WORK TO COMPLETE:
Transcribe word for word the lines below from the line with "Conveniently, PowerPoint allows" through the line with "党课最后,朱剑博士特意准备了", ends included.

LISTED ENTRIES:

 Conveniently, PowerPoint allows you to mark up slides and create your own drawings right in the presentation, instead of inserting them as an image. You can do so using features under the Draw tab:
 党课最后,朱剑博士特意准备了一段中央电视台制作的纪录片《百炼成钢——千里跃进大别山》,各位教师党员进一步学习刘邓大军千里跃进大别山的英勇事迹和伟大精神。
* * *
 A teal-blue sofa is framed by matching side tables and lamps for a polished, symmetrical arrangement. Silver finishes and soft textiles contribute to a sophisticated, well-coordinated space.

EXERCISE RESULT:
 Conveniently, PowerPoint allows you to mark up slides and create your own drawings right in the presentation, instead of inserting them as an image. You can do so using features under the Draw tab:
 党课最后,朱剑博士特意准备了一段中央电视台制作的纪录片《百炼成钢——千里跃进大别山》,各位教师党员进一步学习刘邓大军千里跃进大别山的英勇事迹和伟大精神。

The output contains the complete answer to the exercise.